● **Task details**: Find the line with "akachan honpo - 5指手套-新幹線繡片-深藍色-日本製" in the data below. Repeat it and every line after it exactly, but not the pictures.

● **Stored data**:

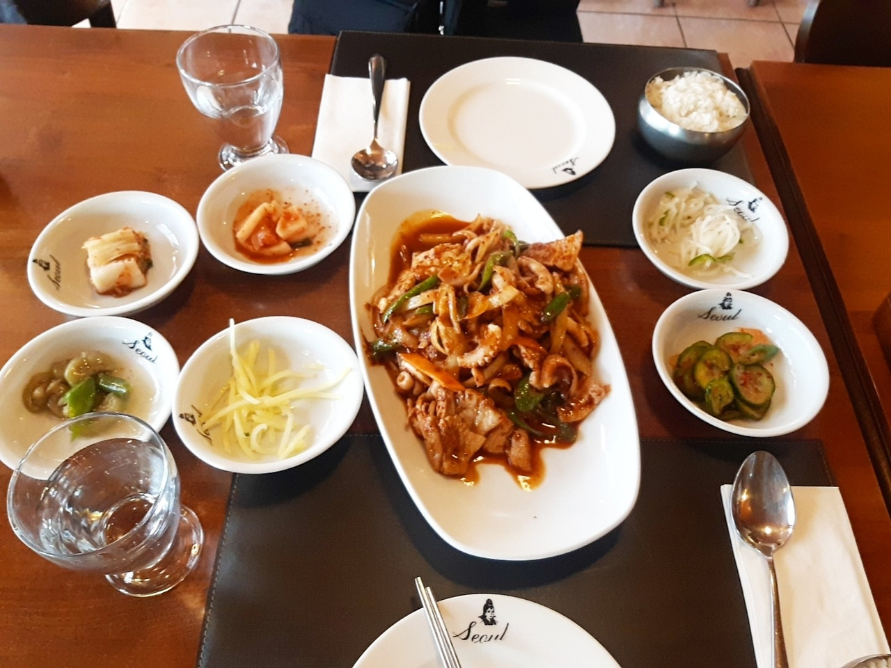 그랜드바자르를 빠져나온 우리는 놀란 마음을 달래기 위해 한식을 먹기로 했다 찾아간 곳은 한국분들의 리뷰가 좋았던 '서울정'이라는 곳이었다 1층은 간단한 계산대만 있었고 밥을 먹는 곳은 2층이었는데 계단부터 가게 인테리어 모두 한국식으로 되어있었다 특히 매장에는 계속 k-pop이 나와서 한국에 온 느낌이었다
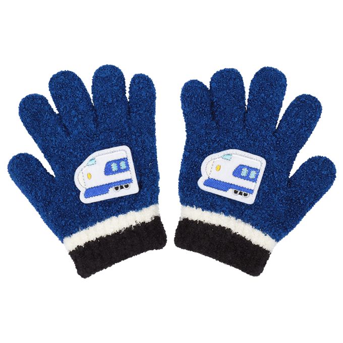 akachan honpo - 5指手套-新幹線繡片-深藍色-日本製
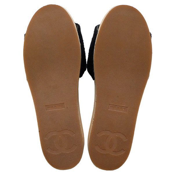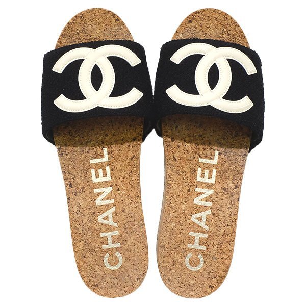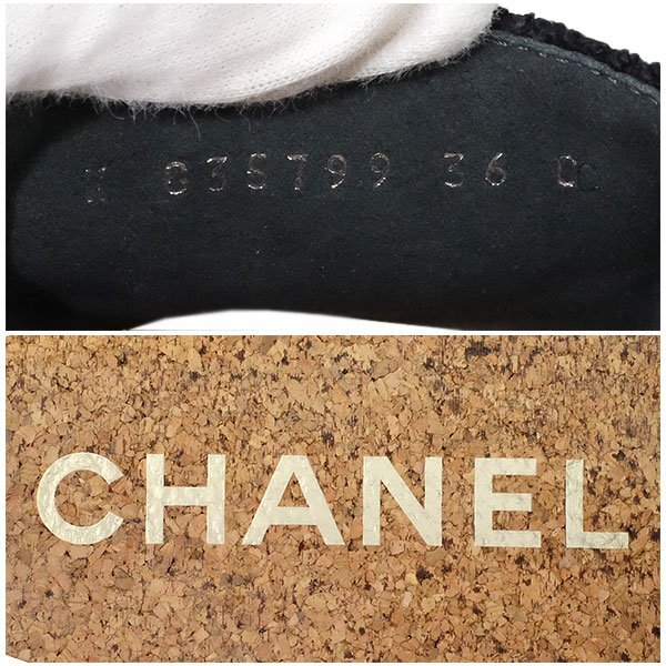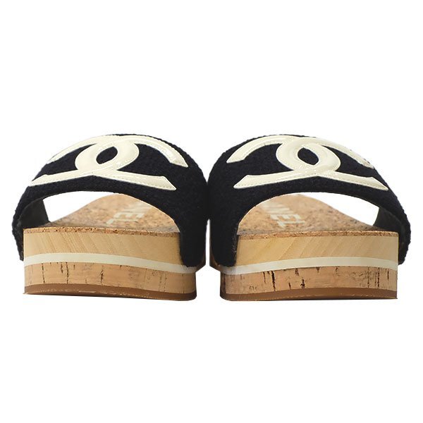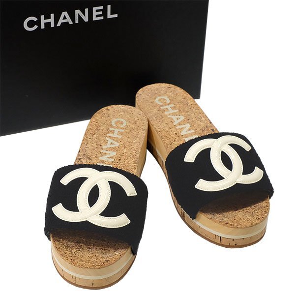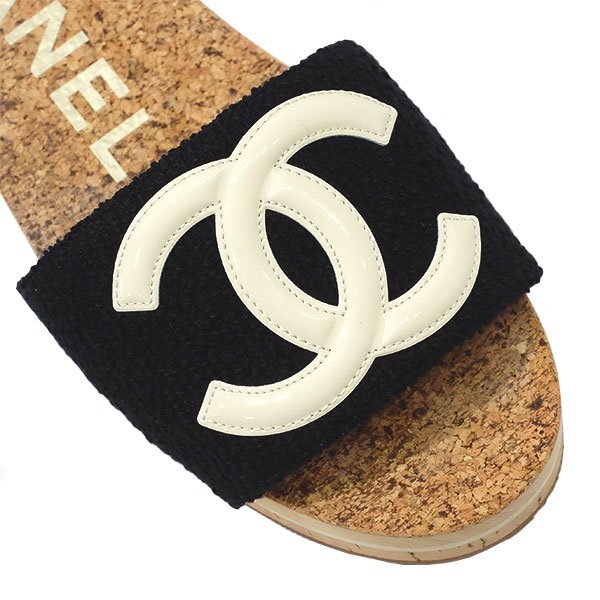 送料無料 本物 注目 CHANEL シャネル ミュール G35799 ツイード×パテントカーフスキン 20P ブラック×ベージュ 36 ウッドソール コルク

● **Output for this exercise**:
 akachan honpo - 5指手套-新幹線繡片-深藍色-日本製
 送料無料 本物 注目 CHANEL シャネル ミュール G35799 ツイード×パテントカーフスキン 20P ブラック×ベージュ 36 ウッドソール コルク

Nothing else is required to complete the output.